Now Eli Manning has brought another title to Gotham and is just now entering his prime. Think about that for a second. A fleet of receivers and with the rule changes favoring the passing game, he became the quarterback with the most passing yards in a single season to win a Super Bowl with 4,933.

In other words he and the Giants will be back for another one within 3 years. Mark it down in 3 inch bold letters… As for now congratulations to the New York Giants who will be receiving these rings at a gala ceremony sometime in June when they are all finished.

So as we did last year to commemorate the unveiling of the championship ring for the new year, but to offer those rings of  years gone by….

This is the ring for the 1956 New York Giants to commemorate the 1956 NFL Title Game. The Giants won 47-7  in the famous house that “Ruth built”, Yankee Stadium. The 50.000 plus braved the elements to watch Vince Lombardi’s offense put up 47 points and Tom Landry’s defense allowed only 1 touchdown.  The Giants appeared in 6 world championship games between 1956-1963 with the lone year they won in 1956.

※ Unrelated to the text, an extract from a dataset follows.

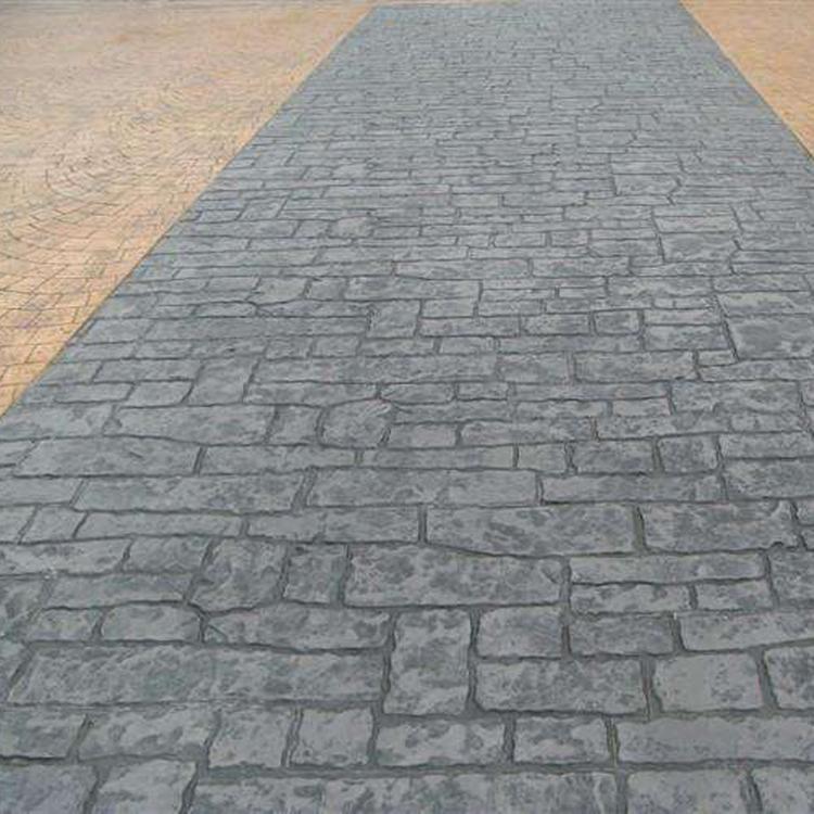 5、使用藝術地坪模具對地坪面層進行紋理處理。藝術地坪模具應配套使用,首先確定好紋理的分布方向,選好一塊模具放置的位置和角度,然后其它的模具依次緊貼一塊模具放置。彩色混凝土藝術地坪壓模采用壓模,壓模應由技術較好的人員進行作業以保證壓紋深度一致和模具放置的準確性。

The famous chant of “defense…defense” rose from the rafters of Yankee Stadium during this era as well as the original mastery of Tom Landry’s 4-3 defense bore fruit. It became the rage of the league and a staple of how modern NFL teams would platoon their 11 defenders. One note to offer is that the 4-3 as a defense gained it’s notoriety here although it’s original teachings came from head coach Joe Kuharick out of Philadelphia. Landry and New York got the credit because they won with it. Something to think about.

The Giants only won one championship during this era while dropping 2 titles in 1958 and 1959 to the Baltimore Colts. Then dropping two to Green Bay in 1961 and 1962…then a famous defensive struggle to the Chicago Bears in 1963. They were a juggernaut that dominated an era that ushered in pro football as the premier sport of America and fruit that sprang forth from this team were two of the greatest coaches in NFL history.

Tom Landry who went on to win 2 championships while piloting the Dallas Cowboys from 1960-1989. Then Vince Lombardi, the universally accepted greatest coach of all time, who was the winningest coach of the 1960’s with 5 title wins in a decade with the Green Bay Packers. He became the measure of all NFL coaches once his tenure was over and had the Giants not accepted racial and religious popular prejudice during that long forgotten time, could have had an Italian Catholic rule the football world the same year an Irish Catholic in John F Kennedy became President of the United States.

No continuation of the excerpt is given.